Note that this could be reduced to only 5 wire buffers – for all values of ~numOsc! – if every Sum4 instance would immediately sum into the final output, instead of summing all Sum4 outputs at the very end. On the downside, the final sum would be done by individual + UGens instead of Sum4 UGens. Regarding the Sum4 optimization, there seems to be an implicit tradeoff between the number of UGens and the number of required wire buffers.

Spacechild1 · July 24, 2024, 11:24pm

I did some rough benchmarks and I could hardly see any notable performance difference between the sorted and unsorted graph, even with very large numbers of SinOscs (up to 1000). Maybe someone can come up with an example where there is a significant difference?

Note: For now I only tested with scsynth which has a single array of wire buffers that is used by all Synths. In Supernova, however, every Synth has its own wire buffers (for thread-safety reasons), so the larger number of wire buffers could add up and harm overall performance.

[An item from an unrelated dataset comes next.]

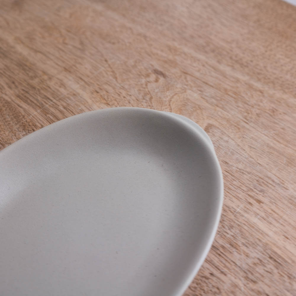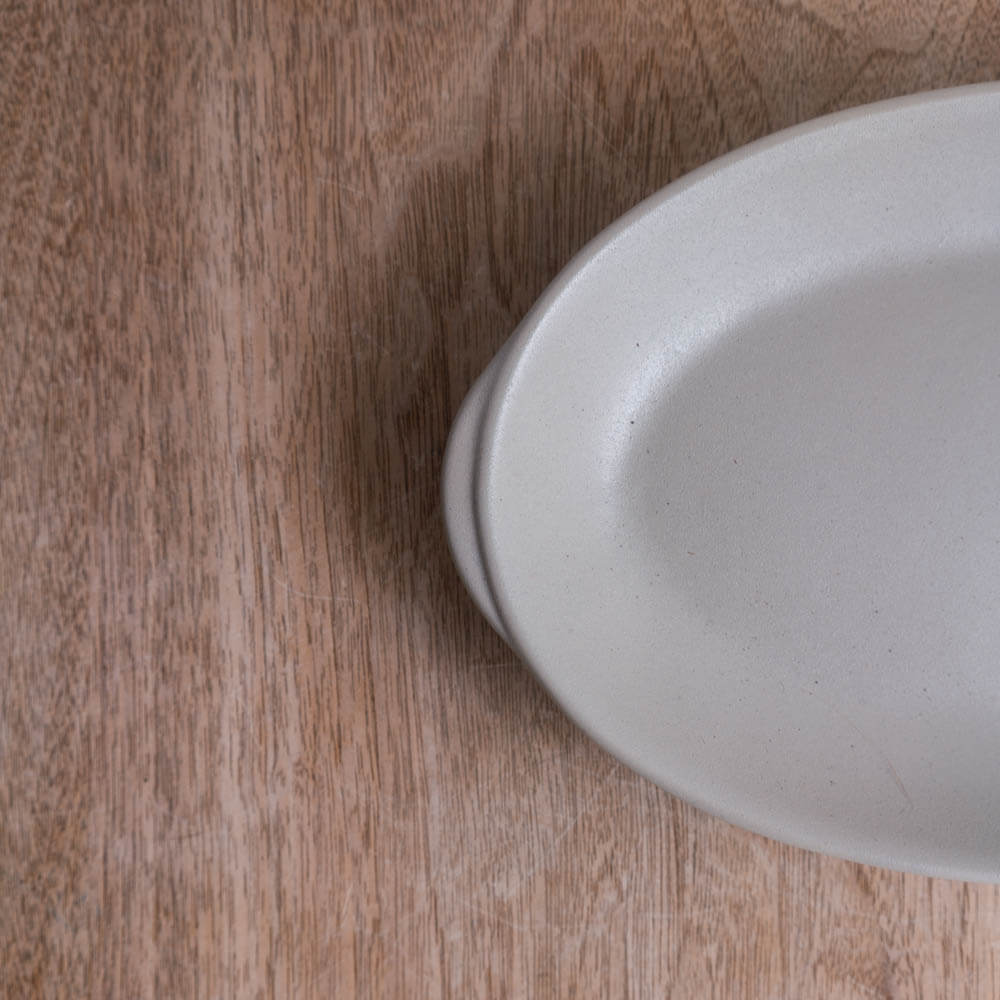 横に広がる楕円形は、料理をのせたときのバランスがとりやすく、主菜と副菜、パンとサラダなどを一緒に盛っても窮屈になりません。浅めの立ち上がりが余白をきれいに見せ、「盛りすぎない」心地よさをつくってくれます。

Spacechild1 · July 24, 2024, 11:28pm

(For testing purposes I’ve added class members to SynthDef which allow me easily enable/disable certain optimization passes, so I can compare the results. For example, with SynthDef.useTopologicalSort I can enable/disable topological sorting.)

muellmusik · July 25, 2024, 2:06am

Sorry, poor choice of words perhaps. I mean cases where the ordering needs to reflect parallel streams or branches of UGens, i.e. where depth first sorts will fail.

Probably useful to start here:

WidthFirstUGen.dumpClassSubtree;
WidthFirstUGen
[
  PV_ChainUGen
  [
    PV_MagShift
    PV_MagDiv
    PV_JensenAndersen
    PV_MagFreeze
    PV_RandWipe
    FFT
    PV_MagAbove
      [ PV_MagClip PV_LocalMax PV_MagBelow ]
    PV_Diffuser
    PV_HainsworthFoote
    PV_Decorrelate
    PV_RectComb
    PV_BinShift
    PV_BinScramble
    PV_BrickWall
    FFTTrigger
    PV_BinWipe
    PV_RandComb
    PV_MagSquared
      [ PV_PhaseShift270 PV_MagNoise PV_Conj PV_PhaseShift90 ]
    PV_MagSmear
    PackFFT
    PV_RectComb2
    PV_PhaseShift
    PV_MagMul
    [
      PV_Max
      PV_Mul
      PV_Min
      PV_CopyPhase
      PV_Div
      PV_Copy
      PV_Add
    ]
    PV_ConformalMap
  ]
  LocalBuf
  RandSeed
  SetBuf
  ClearBuf
  RandID
  IFFT
]

That was the intent with WidthFirstUGen, IIRC.